In an interview, the director Miller said "I quit the film twice and Jack [Nicholson] held me in there," said Miller. "He said, 'Just sit down, lose your emotion, and have a look at the work. If you think the work is good, stick with the film.' And he was a great man. I learnt more from him than anybody else I've worked with - he was extraordinary." Nicholson also coached Miller to exaggerate his needs during the production, asking for 300 extras when he only needed 150, knowing that his producers would give him less than he requested.

Prior to filming, a small carving shop led by woodcarver Paul McCarthy was commissioned to hand-carve all the wooden signs for the businesses shown in the film, including the newspaper where Michelle Pfeiffer's character worked – The Eastwick Word.

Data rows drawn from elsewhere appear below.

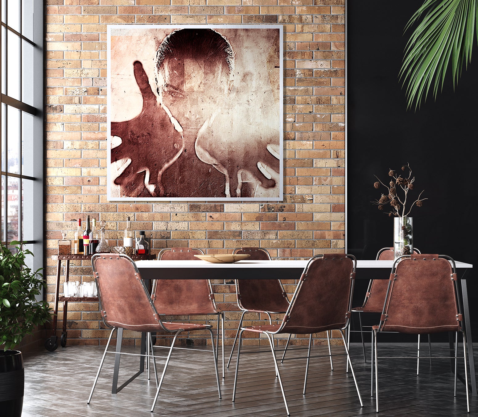 On the back of the art piece, we attach a sub-frame that makes it appear as if it’s floating 20 mm away from the wall.
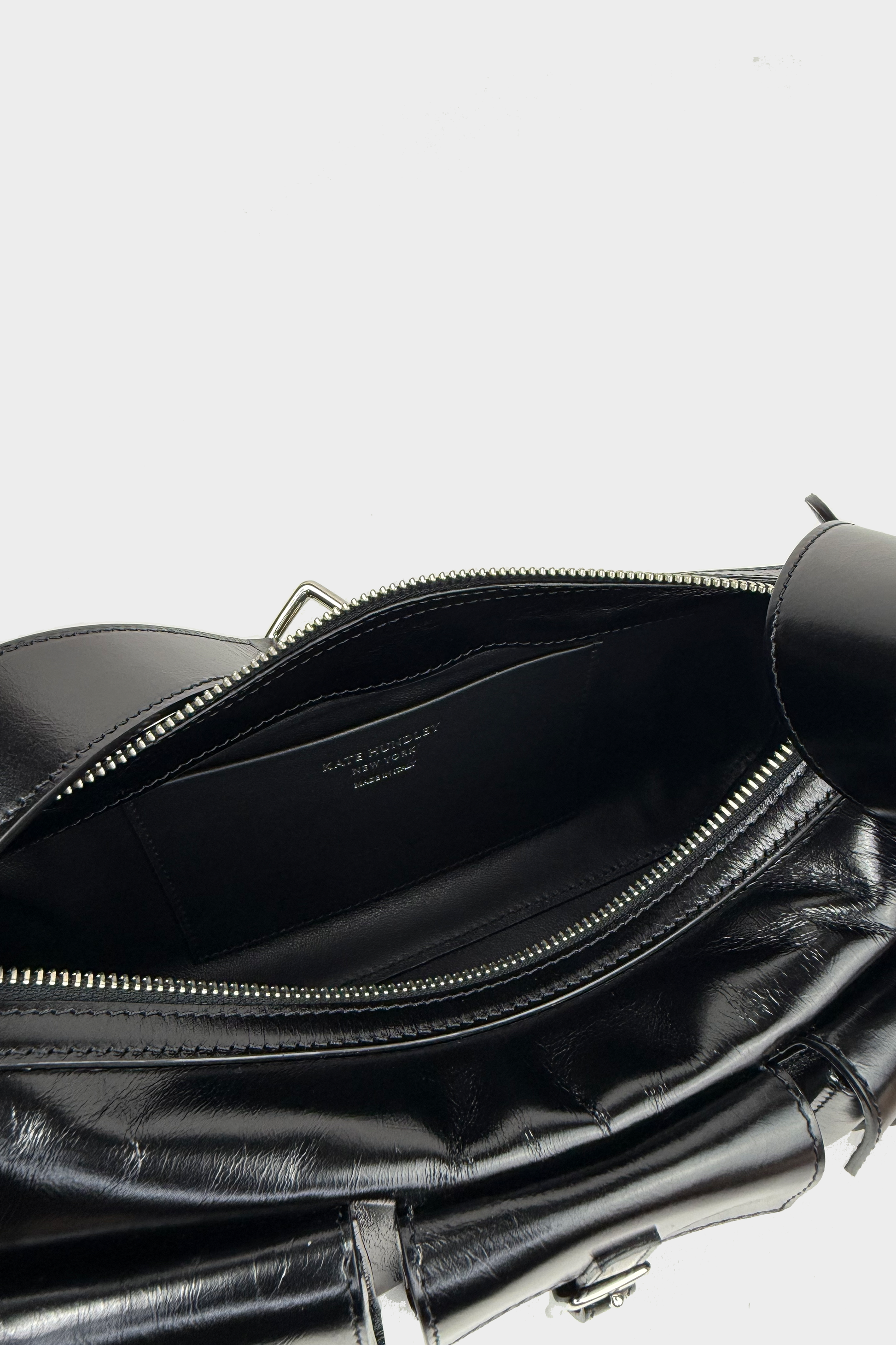 Inspired by the pure functionality of vintage tool bags, the Anjelica Shoulder Bag features utilitarian hardware, buckled pockets, and a lightly crinkled calf leather. Adjustable strap, zipper closure, and interior slip pocket.
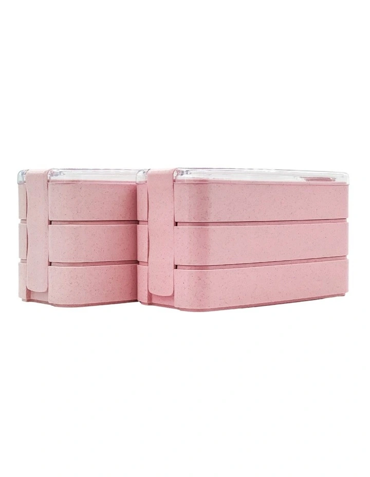 Easy, Lightweight and Beautifully presented 2 x Three tiered Eco friendly Bento Boxes. Made from Wheat straw. Wheat straw plastic is the latest eco friendly material and is a smart, environmentally friendly alternative to plastic. It is a premium food grade material and is completely BPA free and has FDA approval.Each compartment is large enough to accomodate enough food from children to AdultIncludes fork and spoon or chopsticks.
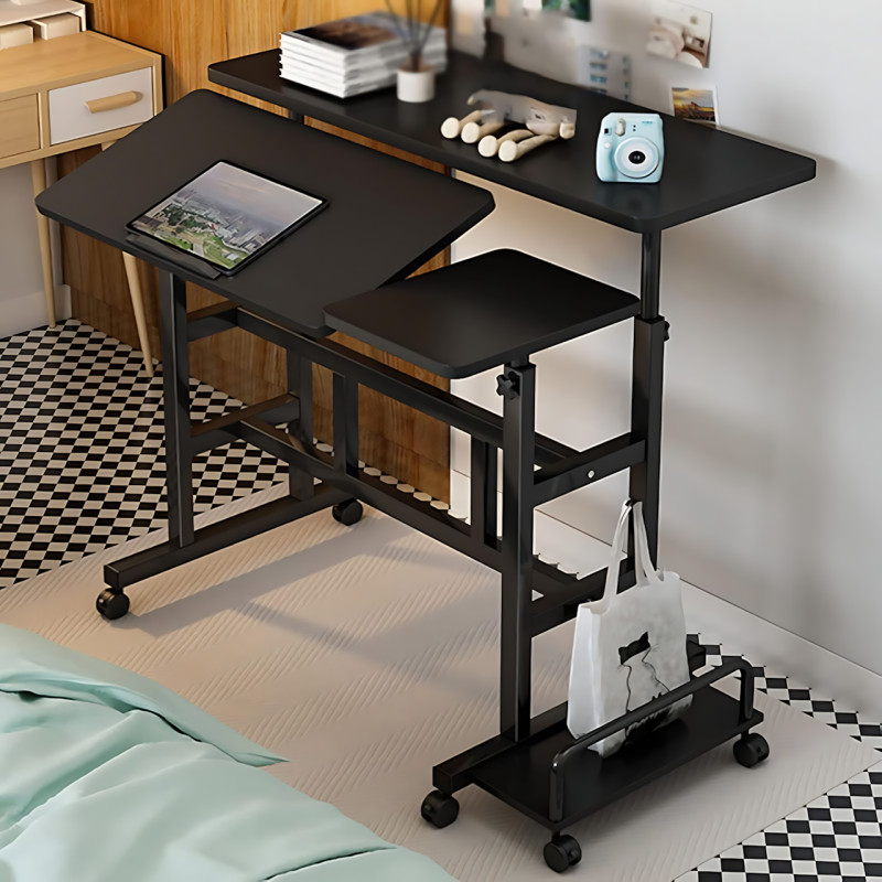 Стол для дома компьютерный (101), передвижной подъемный столик-трансформер на колесах, с полкой для ПК, Черный
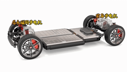 大家都知道啊,目前市場上的新能源車,主要用的是永磁同步電機和異步電機這兩種,在一些雙電機的新能源車中,異步電機的作用主要是用於搭配永磁同步電機,以實現在低速和高速工況的表現平衡。比如説比亞迪e3.0平台,前驅用異步電機,後驅用永磁同步電機。當汽車處於中低速工況時,低速高效率的永磁同步電機工作,維持電機的高效運轉,續航也就相對更好一些,當汽車處於高速工況時,永磁同步電機和異步電機同時工作,這時候電動車的加速性能也就更好一些。
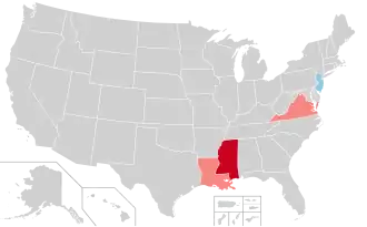 - ^ Republicans took control of the Mississippi State Senate, the Louisiana House of Representatives, and the Louisiana State Senate through party switching and special elections earlier in the year.
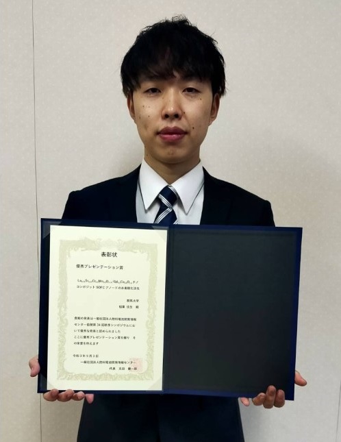 令和3年9月1日~3日にオンライン開催された日本セラミックス協会第34回秋季シンポジウムにおいて、環境創生理工学教育プログラム博士前期課程2年の稲葉 佳生さん(佐藤・神成研究室)が「FCDIC優秀プレゼンテーション賞」を受賞しました。発表題目は“La0.75Sr0.25Cr0.5Mn0.5O3-d/ Gd0.2Ce0.8O1.9ナノコンポジットSOFCアノードの水素酸化活性”であり、固体酸化物燃料電池の超高効率化を実現するキーアイテムとして注目される酸化物アノードにおいてコロイドプロセスをベースとした電極のナノコンポジット化により反応場の密度を大幅に増大させ、従来の金属系アノードに比べて水素酸化活性に劣る酸化物であるにも関わらず、最新鋭のNiサーメットと同等以上の水素酸化反応速度の実現に成功しました。

An award-winning documentary film called When the Witches Came to Town goes behind the scenes of the making of The Witches of Eastwick in Cohasset, Massachusetts, during the summer of 1986.

===Music===
The musical score for The Witches of Eastwick was composed and conducted by John Williams. A soundtrack album was released by Warner Bros. Records in 1987.

==Reception==
===Box office===
The film grossed $63.8 million in the United States and Canada. By November 30, 1987, it had grossed $39.4 million internationally, for a worldwide total of over $103 million.

===Critical response===
The film received mixed reviews upon release. On the review aggregator website Rotten Tomatoes, the film holds an approval rating of 67% based on 93 reviews, with an average rating of 6.4/10. The website's critics consensus reads, "While devotees of John Updike's novel may want to put a hex on George Miller's cartoonish and effects-laden adaptation, Jack Nicholson lends enough decadent devilry to make this high-concept comedy sizzle." Metacritic, which uses a weighted average, assigned the film a score of 67 out of 100, based on 11 critics, indicating "generally favorable" reviews. Audiences polled by CinemaScore gave the film an average grade of "B+" on an A+ to F scale.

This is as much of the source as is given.